Friday, March 20, 2020

Brighter Notes

The past few days have shown me the beauty of these trying times. The way our small community has come together has been nothing short of magical. From sharing resources like lumber and hay—to picking up prescriptions and groceries for each other—we have been there. And as awful as the reasons are for having to quarantine, we are checking in constantly, making extra trips and phone calls and visits. Some of us are even lucky enough to have someone we care about to ride through this wave of news and frightening symptoms with. Not an ideal reason to cast for gratitude but it's there. I am lucky to be here with these people and these farms.

There are little shards of light poking through. This farm is making soap as fast as it can to make orders, hopefully in time for a mortgage payment before the month ends. I have tuned up my banjo and am tuning my fiddle and taking long walks with the dogs or gentle runs alone to welcome the spring. There are seedlings everywhere. (I have a feeling garden centers won't be selling six packs of vegetables this summer so start planning your gardens now from seed!) and there's a baby Nubian buckling in my arms. A little boy to finally fulfill my dream of a packing goat I had over a decade ago when a less experienced and confident woman bought her first kid at a livestock swap meat. Now I'm a woman with a gentle little baby from a farm I know well and that knows me well. It's making me smile as I type.

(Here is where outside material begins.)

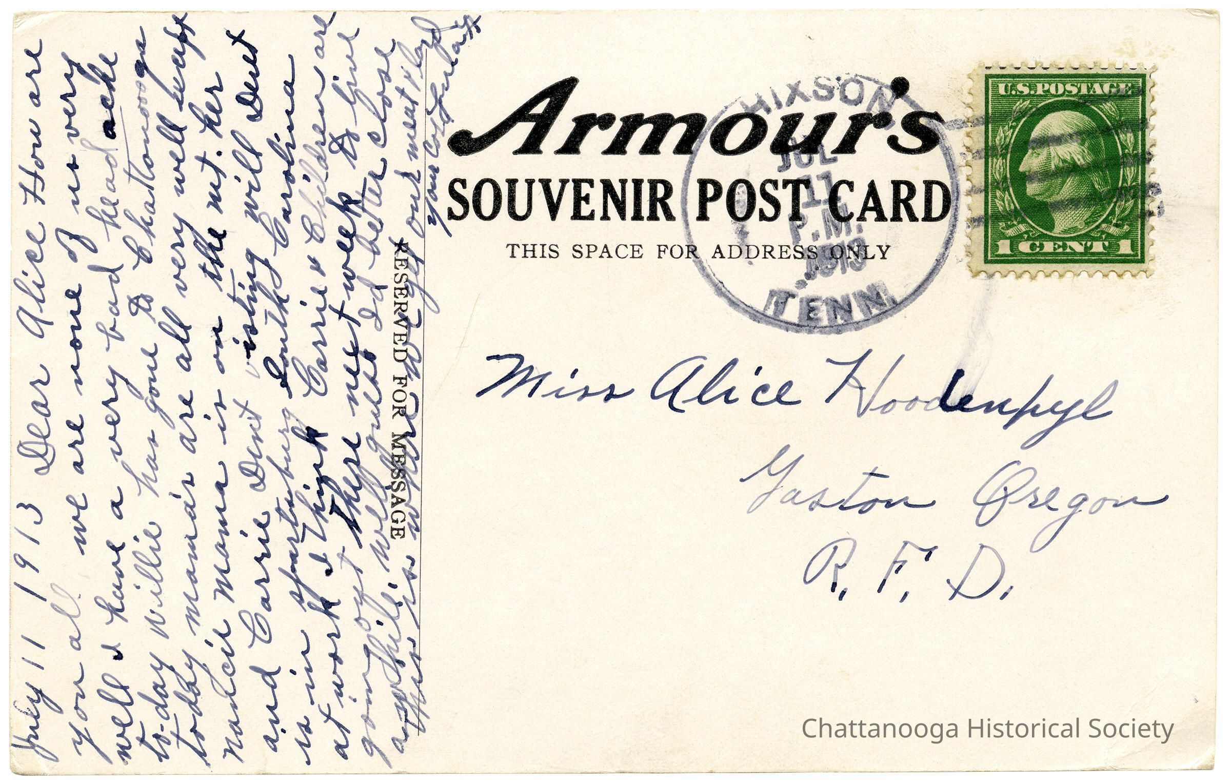 A souvenir postcard with the front showing the new branch house of Armour and Company, located at West 14th and Cowart Streets.

I hope you are all safe. I hope you are all warm. I hope you are keeping your hearts light with crafts and music and movement and nature. Life goes on even when it reminds us it sometimes doesn't. Be true and kind and wash your hands. I'll check in more often to share pictures of light and growth among the chaos.

Wednesday, March 18, 2020

Same Song

The past few days have been intense. I've been preparing the farm for the worst, and by that I mean gathering as much feed and dogwood and other supplies as possible in case the local feed and hardware stores have to shut down. Here in NY there are a lot of stores closing and events canceled and even in rural America everyone is staying home. Being alone makes me feel a little nervous, more so than before. If people get deep into a scarcity mindset it can get tense. I think tense can turn to bad real fast. I am not saying I am expecting Zombie hoards or End Times panic - but it may be hard to be comfortable for a while. I am trying to get ready for that.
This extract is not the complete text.